Cold War Evolution and Interpretations - Ideological divide



Ideology is a central element in coming to grips with the Cold War. In this respect, the Cold War actually began in 1917, with the triumph of the Bolshevik communist revolutionaries in Russia. The Bolsheviks, led by Vladimir Ilich Lenin, a committed Marxist revolutionary, denounced capitalism as an exploitative and moribund social system. Lenin's contribution to Marxism was his theory that imperialism was the last gasp of capitalism. The Bolsheviks believed that the bloodletting then under way in World War I reflected the penultimate crisis of modern capitalism. Lenin and other communists sought to build socialism in Russia while doing what they could to facilitate expansion of Marxism-Leninism abroad.

The West greeted the Bolshevik Revolution with implacable hostility, including an ill-fated Allied intervention against the Bolsheviks in the Russian civil war, which the Marxists eventually won. The Western worldview was capably represented in the rhetoric of President Woodrow Wilson, who had called for U.S. intervention in World War I to make the world "safe for democracy." Wilson spoke not just for constitutional government but also for free-trade capitalism as well. Bolshevism, with its emphasis on state economic planning, was anathema to the deep-seated faith in free enterprise, a cornerstone of American ideology. Moreover, Wilson, like millions of Americans deeply religious, found Marxist atheism, which had condemned religion as the "opiate of the masses," profoundly offensive.

Hence, an ideological gulf between the Soviet Union and the United States, between communism and capitalism, emerged from World War I and divided East and West throughout the interwar period. Beginning in 1929 the Soviet Union came under the iron authority of Joseph Stalin, a pitiless autocrat responsible for the deaths of millions of his own countrymen in purges, forced agricultural collectivization, and breakneck industrialization. Washington declined to accord formal diplomatic recognition of the Soviet Union until 1933. Among other consequences, East-West hostility ensured that efforts to forge an antifascist alliance against Nazi Germany during the late 1930s would come to grief. When the Western powers rejected Soviet overtures for an alliance against the Nazis, Stalin negotiated his own pact with Adolf Hitler in 1939, paving the way for World War II. After sacking much of Europe, Hitler turned on the Soviets, long his primary target, in an invasion of Russia launched on 22 June 1941. The West quickly embraced the Soviet cause as its own in a mutual conflict against Nazi aggression.

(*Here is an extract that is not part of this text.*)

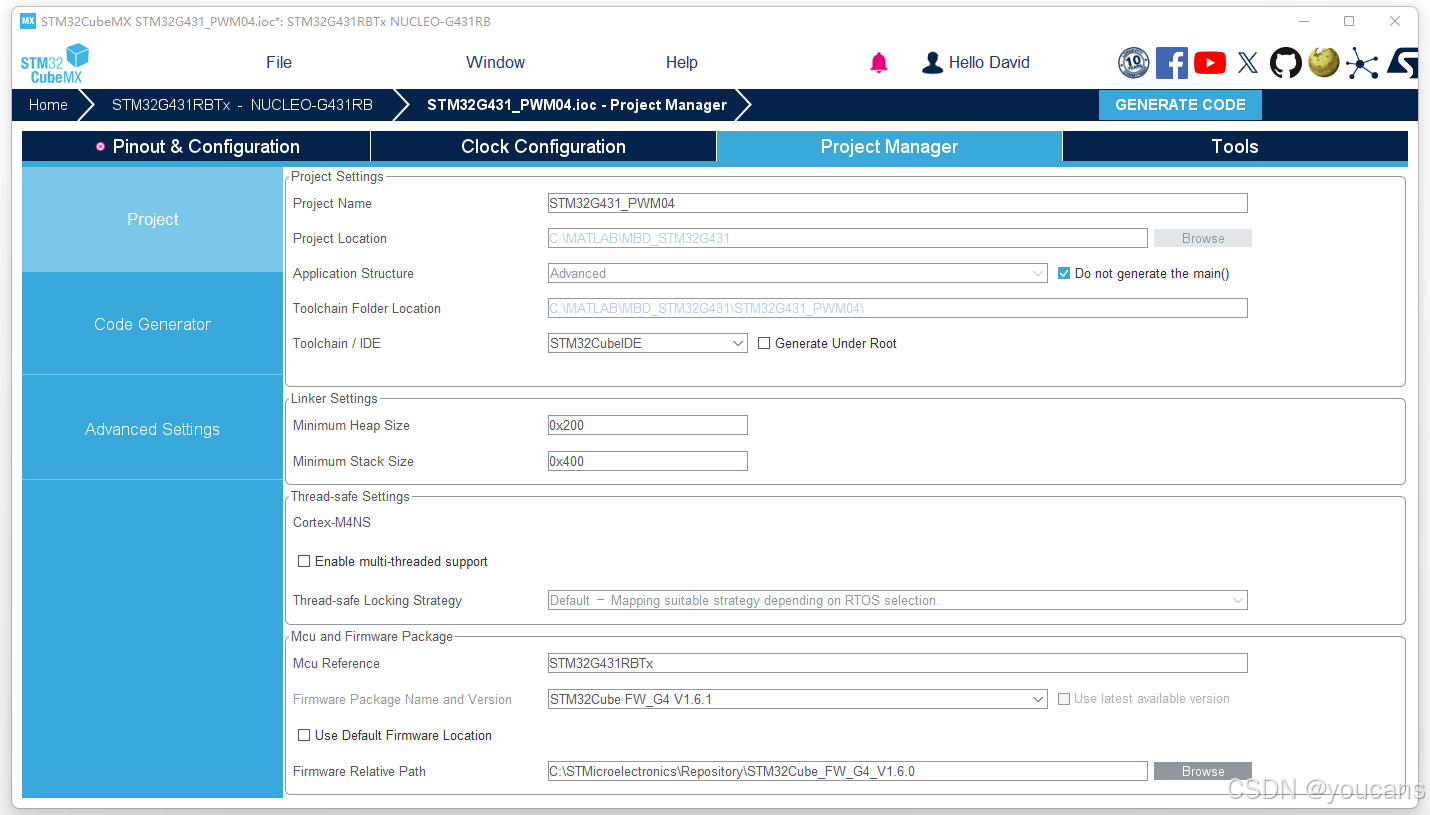 将工程保存为 STM32G431_PWM04.ioc

Clearly the wartime Grand Alliance, forged by the Nazi bid to dominate Europe, was little more than a marriage of convenience. Indeed, nothing less than Hitler's bid to dominate Europe could have brought Stalin and the Soviet Union into alliance with Great Britain and the United States. Winston Churchill's memorable comment that he would ally with "the devil himself" against the Nazi regime was no mere quip; Churchill was explaining just how extraordinary the prime minister himself considered the unlikely alliance between East and West. Equally cosmopolitan, but markedly less anti-Soviet than Churchill, President Franklin D. Roosevelt saw the war as an opportunity not only to defeat Nazi aggression but to create a framework through Soviet-American cooperation for something like the world order Wilson had envisioned all too prematurely during the previous European war.

Roosevelt came to understand, however, in the weeks before his death on 12 April 1945, that his vision might not stand up to the hard realities embodied in a renascent Stalinist Russia. Once seemingly on the brink of destruction, the Soviet Union had turned the battle at Stalingrad in the winter of 1942–1943 and never looked back. Despite the unparalleled destruction of the Soviet state, including some 27 million dead in the war, the Red Army found itself ensconced in the heart of Europe, all with the blessing of its wartime allies. The onetime pariah state now stood poised to exert unprecedented influence on the postwar world.